Bu tür davalarda haklı gerekçelerle kadınlar anonim kalmayı isteyebilir, yargının işleyişine de sızan “erkeklik” ve sonra o isimle hayatına devam etme mecburiyeti, kadının görünmezliği tercih etmesine yol açabilir; isimsiz kalmak bir haktır. Gisèle Pelicot kendince bir risk alarak bundan vazgeçti. Pelicot'u özellikle kullanmakta ısrar ediyordu çünkü torunlarının bu soyadından utanmamalarını istiyordu.
Tecavüz görüntülerinin mahkeme salonunda gösterilmesini de o talep etti, o görüntüler akarken salondaki faillerin gözlerine bakmak istediğini söylemişti. Bu cinsiyetçi sistemle yüzleşmeyi kelimenin ilk anlamından başlayarak yapmak istiyordu. Bu defa iki tarafın da bilincinin yerinde olduğu o an, o karşılaşma anı onu kurbandan çıkaracak, yargılayan haline getirecekti. Bu başlı başına bir zaferdi.

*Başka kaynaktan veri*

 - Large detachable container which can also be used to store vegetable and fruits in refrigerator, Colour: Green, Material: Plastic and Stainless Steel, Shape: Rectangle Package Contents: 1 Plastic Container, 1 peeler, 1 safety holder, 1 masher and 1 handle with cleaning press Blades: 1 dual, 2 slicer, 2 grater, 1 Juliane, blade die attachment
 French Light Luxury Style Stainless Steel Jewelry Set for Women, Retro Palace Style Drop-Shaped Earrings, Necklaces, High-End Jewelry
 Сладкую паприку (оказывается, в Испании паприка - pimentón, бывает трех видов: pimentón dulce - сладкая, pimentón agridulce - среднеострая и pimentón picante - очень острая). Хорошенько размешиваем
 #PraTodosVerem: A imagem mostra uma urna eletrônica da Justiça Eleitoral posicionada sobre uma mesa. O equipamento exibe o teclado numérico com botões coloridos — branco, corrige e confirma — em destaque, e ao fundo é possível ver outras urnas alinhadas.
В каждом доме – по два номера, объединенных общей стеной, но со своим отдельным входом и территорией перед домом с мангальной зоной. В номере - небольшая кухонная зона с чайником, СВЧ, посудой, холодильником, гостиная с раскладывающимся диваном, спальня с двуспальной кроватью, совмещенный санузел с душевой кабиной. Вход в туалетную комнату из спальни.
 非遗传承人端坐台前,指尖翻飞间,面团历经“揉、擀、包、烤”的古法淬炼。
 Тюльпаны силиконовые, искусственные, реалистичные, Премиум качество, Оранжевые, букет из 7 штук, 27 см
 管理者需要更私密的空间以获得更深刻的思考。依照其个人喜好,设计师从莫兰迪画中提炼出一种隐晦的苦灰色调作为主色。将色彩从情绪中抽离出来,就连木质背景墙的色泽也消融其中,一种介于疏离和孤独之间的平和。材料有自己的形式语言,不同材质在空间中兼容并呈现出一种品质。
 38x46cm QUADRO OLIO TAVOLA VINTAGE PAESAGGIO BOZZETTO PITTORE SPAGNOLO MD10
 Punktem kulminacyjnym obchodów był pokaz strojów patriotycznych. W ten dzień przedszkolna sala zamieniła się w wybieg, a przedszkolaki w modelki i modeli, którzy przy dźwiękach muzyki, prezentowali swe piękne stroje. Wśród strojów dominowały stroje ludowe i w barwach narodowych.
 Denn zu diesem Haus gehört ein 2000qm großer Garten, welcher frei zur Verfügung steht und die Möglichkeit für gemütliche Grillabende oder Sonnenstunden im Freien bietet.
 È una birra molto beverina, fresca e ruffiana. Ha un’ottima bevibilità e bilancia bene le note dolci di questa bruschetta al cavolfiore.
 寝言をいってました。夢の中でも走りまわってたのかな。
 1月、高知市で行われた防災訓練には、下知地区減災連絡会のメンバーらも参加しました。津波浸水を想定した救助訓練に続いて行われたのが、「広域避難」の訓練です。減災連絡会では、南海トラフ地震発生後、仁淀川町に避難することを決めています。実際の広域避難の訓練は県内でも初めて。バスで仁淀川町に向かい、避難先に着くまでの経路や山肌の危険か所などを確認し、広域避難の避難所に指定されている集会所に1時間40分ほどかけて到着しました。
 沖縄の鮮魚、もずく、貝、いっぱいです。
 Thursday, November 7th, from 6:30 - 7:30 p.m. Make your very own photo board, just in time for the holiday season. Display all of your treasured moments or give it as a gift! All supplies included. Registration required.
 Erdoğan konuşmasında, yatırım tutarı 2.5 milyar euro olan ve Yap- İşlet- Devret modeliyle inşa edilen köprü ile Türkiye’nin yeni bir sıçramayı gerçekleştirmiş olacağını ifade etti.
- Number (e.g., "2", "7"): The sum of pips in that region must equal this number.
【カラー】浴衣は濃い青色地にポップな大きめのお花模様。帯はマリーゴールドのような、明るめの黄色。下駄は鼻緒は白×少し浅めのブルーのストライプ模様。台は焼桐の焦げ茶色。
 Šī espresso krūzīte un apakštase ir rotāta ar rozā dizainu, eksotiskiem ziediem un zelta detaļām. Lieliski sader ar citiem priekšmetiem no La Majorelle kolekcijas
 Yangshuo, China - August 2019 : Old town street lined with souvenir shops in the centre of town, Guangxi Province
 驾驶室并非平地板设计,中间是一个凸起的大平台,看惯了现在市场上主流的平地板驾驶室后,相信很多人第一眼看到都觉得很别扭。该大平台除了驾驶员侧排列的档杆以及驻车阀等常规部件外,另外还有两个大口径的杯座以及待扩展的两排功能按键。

Kötü değil, hasta değil, münferit değil
Üç çocuklu, bir dolu torun sahibi bu çift, çevreleri tarafından örnek gösterilenlerdendi. Ortadaki suçun şoke ediciliği, uyandırdığı tiksinti bugün belki birçok kişide bunun münferit bir vaka olduğu duygusunu yaratıyor, “bu kadarı olmaz” dedirtiyor. Tıpa tıp aynısı olmasa da, bu kadarı da oluyor. Kocası Dominique Pelicot, “hasta” bir erkek değil; onu bu suça iten şey, kaynağı bu dünyadan kopuk bir “kötülük” değil. Tüm bunların yaşandığı o küçük Fransız kasabası, kadına yönelik şiddetin sıradanlaştığı, tecavüzün bir cinsellik türü olarak görülebildiği dünyanın geri kalanına dair küçük bir model sadece; içselleştirilmiş kadın nefreti, yüceltilmiş erkeklik gösterileri üzerine kurulmuş bu düzenin en temel motifi olarak bu dava dosyasının çekirdeğini oluşturuyor.
Avignon'daki o mahkeme salonunda sanıkların son savunmaları alınıyor bu hafta, sonra karar verilecek. Gisèle Pelicot, bundan sonra evlenmeden önceki soyadıyla hayatına devam edecek. Yaşadıklarının yarattığı yıkıma teslim olmayışıyla, yıkıntının ortasından dimdik ayağa kalkışıyla ve diğer kadınlara elini uzatışıyla çok uzun yıllar hatırlanacak. Tüm dünyanın gözleri önünde utanç hakikaten yer değiştirdi.